The first Western sailors to find Sri Lanka called it the Isle of Serendipity. Serendipity is the faculty for making happy discoveries by accident. Australia's encounter with Sri Lanka here has been marked by accident and incident, and still they have in their grasp victory that would be more blissful than most, and might even cause Hobart to arch an eyebrow.
But a grinding and enervating day lies ahead, and beyond that, many more for selectors and medics as they try to patch together a team for the next two Tests, and the myriad tests to follow. The bowling merry-go-ground has become like arthritis, a pain to live with, but Monday's preview of an unsettled batting order without Michael Clarke as its bedrock was chilling.
Each Test match is played in a range of tempers and temperatures. On Monday, some sort of fever, cricket's equivalent of a 24-hour flu, passed over this one. Well after noon, Australia were in a classic position of comfortable control. As openers, David Warner and Ed Cowan are complementary. This day, they drew on each other, Warner on Cowan's patience, Cowan on Warner's boldness, and without alarm raised 132. Australia's lead was 246.
Seemingly, the innings would be Clarke's to declare, weighing variables of time, weather and bowling stocks. The pitch was placid, and meditative serenity reigned.
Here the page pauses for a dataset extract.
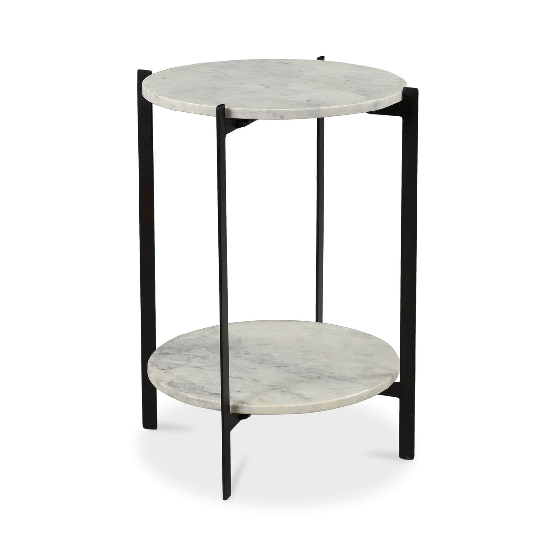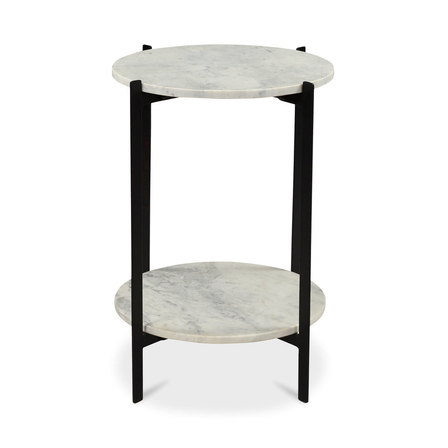 A modest piece of living room décor, the Melanie accent table keeps its class through tonal shades. Beautiful white marble slabs are held together by a two-tiered iron base with a matte-black finish. The end result of the Melanie accent table is a subtle contemporary piece that can be used for adding plant décor on one layer, and resting your coffee on the other.

Then the morning's rolling wore off the pitch, and the rocking kicked in. Australia sought to up the tempo. Warner played a remarkable backhand swat at spinner Rangana Herath and gained four, notionally through point, in that instant square leg. Warner might change the game; at very least, he is reorienting it. His downfall was to cut conventionally at a Herath slider. A little more than 30 overs later, Australia were all out bar the stranded Mike Hussey and the hamstrung Clarke. By then, Australia were in such chaos that Hussey waited, not knowing if Clarke would rejoin him.
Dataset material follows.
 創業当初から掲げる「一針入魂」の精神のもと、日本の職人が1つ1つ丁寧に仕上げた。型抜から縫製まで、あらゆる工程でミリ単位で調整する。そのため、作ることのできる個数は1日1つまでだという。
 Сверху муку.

Mishap, misjudgment and malfeasance abounded. Cowan, when bowled, looked at the pitch as he would a rearing snake. Watson was stumped without leaving his crease, or so he thought. Matt Wade, mysteriously promoted to No.5, was caught at the longest of ons, but such a pox was upon the day that ABC veteran Jim Maxwell, in a Norman May moment, announced him as bowled. Fortunately, he has robust sense of humour.
There were other manifestations of madness. Sri Lanka burned referrals the way the Inquisition did books, having baulked at one that would have gained them a wicket the previous day. Herath, introduced peculiarly late, then bowling unchanged, suddenly took five wickets. He is, as a finger spinner must be, a clever bowler with a simple theme but many subtle variations on it and mastery of them all. He is again the leading wicket-taker in the world this year.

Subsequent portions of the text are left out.